I had installed Cygwin, then later deleted my Windows 7 account and recreated the account with the same name. Now I am having trouble editing files in my Cygwin folder or creating new folders/files. Is there a command I can run to get my permissions back?

Stuart

Posted 2012-01-24T23:30:23.960

Reputation: 397

2Look at TAKEOWN in Windows help. – None – 2012-01-25T00:50:03.190

Answers

7

I had to use takeown in cygwin to first take ownership of all the files. I ran cygwin in admin mode (right click). Taking ownership of the cygwin directory is tricky, because cygdrive will link to all your harddrives, so I'd suggest to not do it recursively on the cygwin folder. The syntax is:

takeown /F folder /R

where /R is recursive. So do that for all the files and folders in cygwin (or try it on the cygwin folder but I don't recommend).

After that I needed to set up my permissions through Windows explorer. Right-click on the "cygwin" folder, go to the "security" tab, make sure that your username is in the top window. I also removed the "unknown" user which I assume was my previous account. If you aren't in there: Click edit->Add-> Type your name in and click "Check Names". It should find who you think you are and then click "OK". Click the check-box for allow "Full Control" and it should check all the boxes. Click "OK".

Then you should still be in the security tab, click "Advanced"->"Change Permissions"->Highlight your username->"edit"->make sure all boxes are checked under "allow" and the Apply to is "This folder, subfolders and files" (the check box should not be checked). Press "OK" once, make sure that "Replace all child object permissions..." is checked, click "OK", "OK", "OK".

And you should be good to go.

Stuart

Posted 2012-01-24T23:30:23.960

Reputation: 397

2

Human names are irrelevant. Computers work with numbers.

In this particular case, the numbers are security identifiers, SIDs.

When you created the new account, it was given a new SID. The old SID of the old account wasn't re-used. (That would be a security mess.) All of your files and directories are marked with the old SID as their creator-owner. They also very probably grant access rights, in their ACLs, to either their creator-owners or directly to the old SID. Thus the old SID is what continues to have the access rights.

So, for example, if your old account had the SID S-1-5-21-90593156-579754539-1338337383-1002, your new account would have a different SID such as S-1-5-21-90593156-579754539-1338337383-1003. The files and directories grant read/write/search/whatever access to the -1002 SID, whereas the -1003 SID has no access.

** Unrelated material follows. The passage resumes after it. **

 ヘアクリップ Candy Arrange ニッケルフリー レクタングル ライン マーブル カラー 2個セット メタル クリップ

Taking ownership, with a tool such as takeown is one answer to this, for the case where the ACLs grant access to creator-owner rather than directly to the old SID. Just change who the creator-owner is, and the ACLs that grant rights to the creator-owner automatically grant rights to the right SID. The problem is that in Windows NT permission to take ownership must be granted by the original owner to the intended new owner. Ownership cannot (without special privileges) be given away, nor assumed without permission. You've deleted the account with the old SID, so there's now no original owner to grant that right. Thus you have to use a three-pass procedure. First, an account with the ability to take ownership of anything (such as an Administrators account) must take ownership. Then that account must grant take ownership rights to your new account. Finally, your new account must take ownership from the Administrators account.

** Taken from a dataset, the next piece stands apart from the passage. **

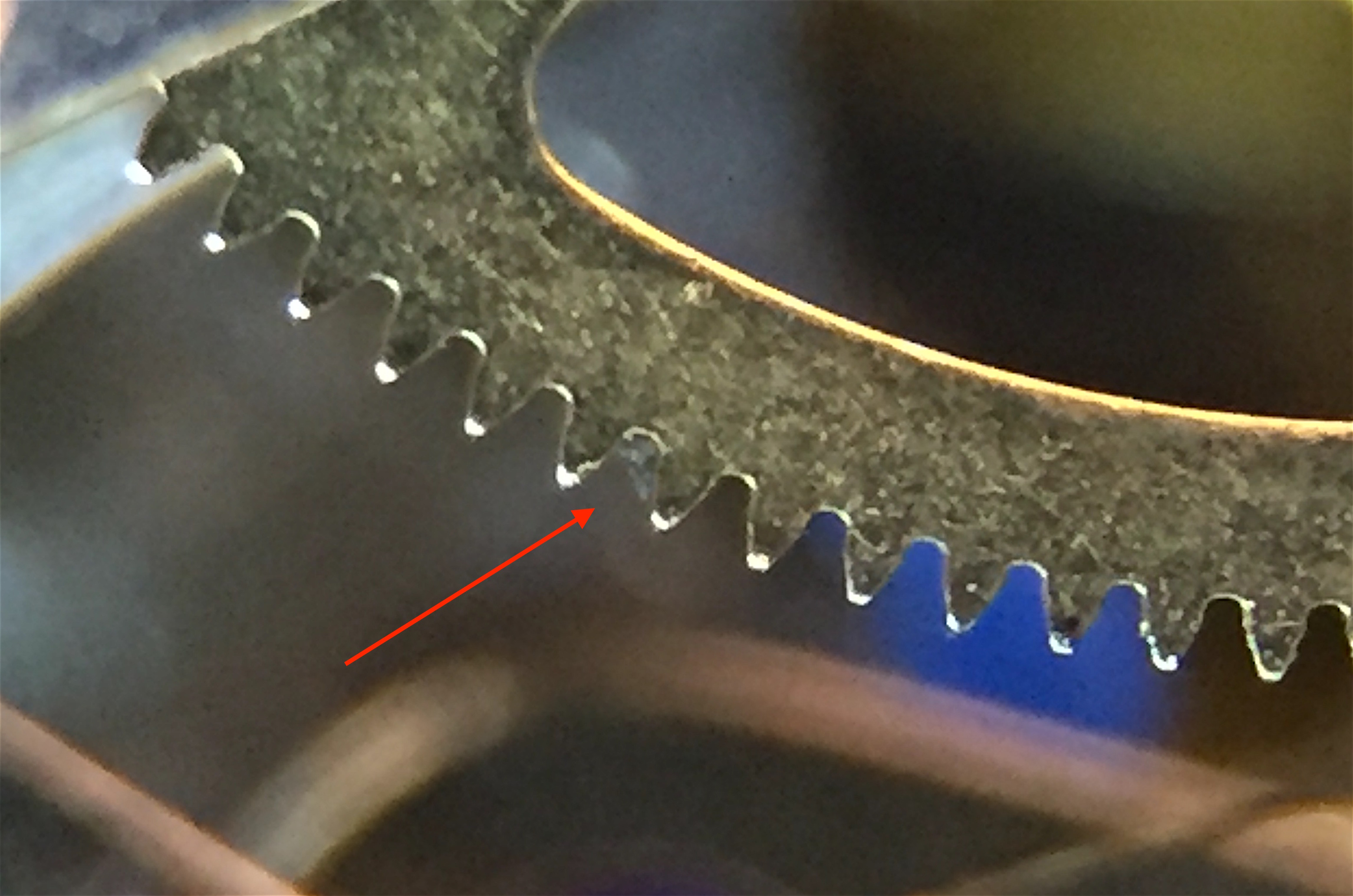 This caused the blocked gap to come up against the pinion of the escape wheel and jam. There was also a lack of power which would have overcome the blockage, and as the watch had never been serviced in its 20 year life I decided to look further.

If the ACLs grant access directly to the old SID rather than indirectly via the creator-owner, then taking ownership is not the answer to this, although one might want to do that later for other reasons. Substituting the new SID for the old SID in the ACEs is. You do that with the subinacl tool, from the Resource Kit, and its /replace parameter.

Further reading

JdeBP

Posted 2012-01-24T23:30:23.960

Reputation: 23 855

Thanks, I think I found another way to do it. I just hope that new files/folders that get created in they cygwin folder by me are owned by me. – Stuart – 2012-01-25T21:40:50.603

2

So I was able to use takeown as was administrator under cygwin. I agree that ONLY the directory cygwin/, rather than cygdrive, should be changed recursively. The only thing I can add is, that once I took ownership, I was able to issue unix commands, as administrator, to change permissions

chmod 744 *

Changes permissions so that the owner has rwx and everyone else has read-only. So, no tinkering around with the Windows side.